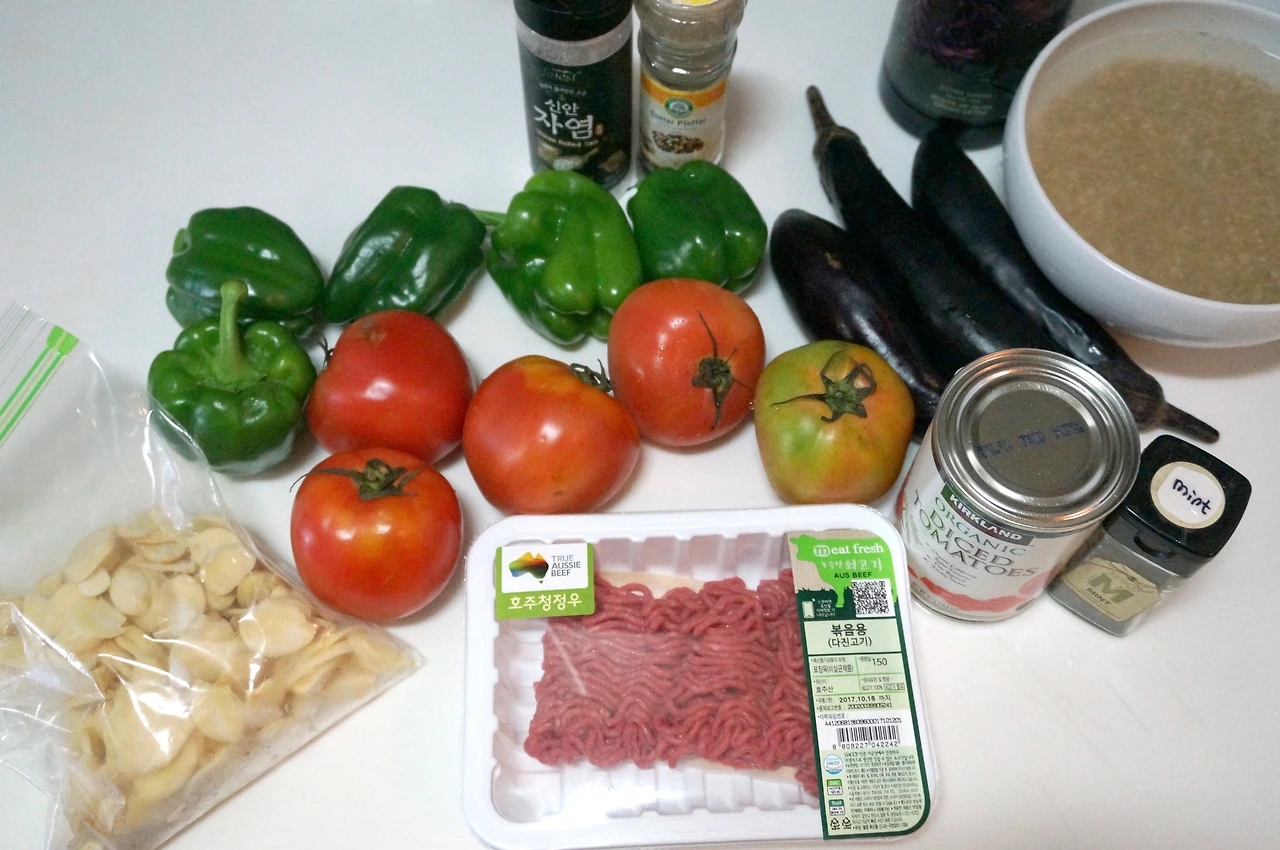 오늘 만들 요리는 피망과 토마토로 만든 돌마(biber dolma, domates dolma)이다. 레시피마다 재료가 조금씩 다르고 그 양도 자유자재인 것으로 미루어보아 평범한 가정요리임을 짐작할 수 있다.
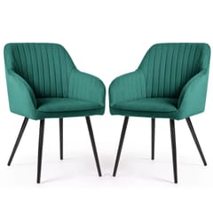 2x Welurowe krzesło tapicerowane z przeszyciami Butelkowa Zieleń FLORENCE Czarne nogi
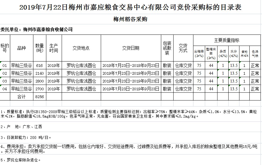 交易時間和地點:2019年7月22日(星期一)上午10時15分。廣東省梅州市彬芳大道南161號梅州市糧食交易中心3樓。
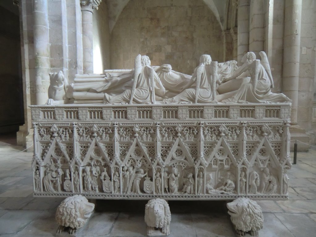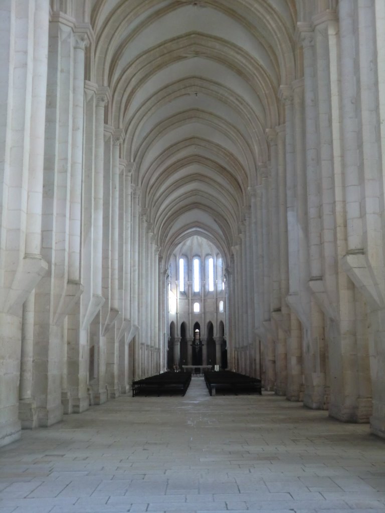 Un peu plus au nord, nous trouvons un monastère tout à fait différent : Alcobaça. On y trouve beaucoup moins d'ornementation. Ceci est bien compréhensible. En effet, Alcobaça était le plus grand monastère cistercien du Portugal. Le roi avait fait don de terres pour que l'ordre de Saint Bernard de Clairvaux puisse se développer au Portugal. Il règne dans l'église abbatiale une grande simplicité et une forte spiritualité. Aucune peinture, aucune sculpture ne devait perturber les moines dans leurs prières. Dans le transept, on peut admirer les tombes de Pedro et Inès. Leur histoire d'amour tragique est l'une des plus connues au Portugal.

## EXERCISE BRIEF
Your response must consist of the lines from the beginning of the data through the line containing "交易時間和地點:2019年7", transcribed exactly, with no pictures.

## SOLUTION FOR THIS TASK
 오늘 만들 요리는 피망과 토마토로 만든 돌마(biber dolma, domates dolma)이다. 레시피마다 재료가 조금씩 다르고 그 양도 자유자재인 것으로 미루어보아 평범한 가정요리임을 짐작할 수 있다.
 2x Welurowe krzesło tapicerowane z przeszyciami Butelkowa Zieleń FLORENCE Czarne nogi
 交易時間和地點:2019年7月22日(星期一)上午10時15分。廣東省梅州市彬芳大道南161號梅州市糧食交易中心3樓。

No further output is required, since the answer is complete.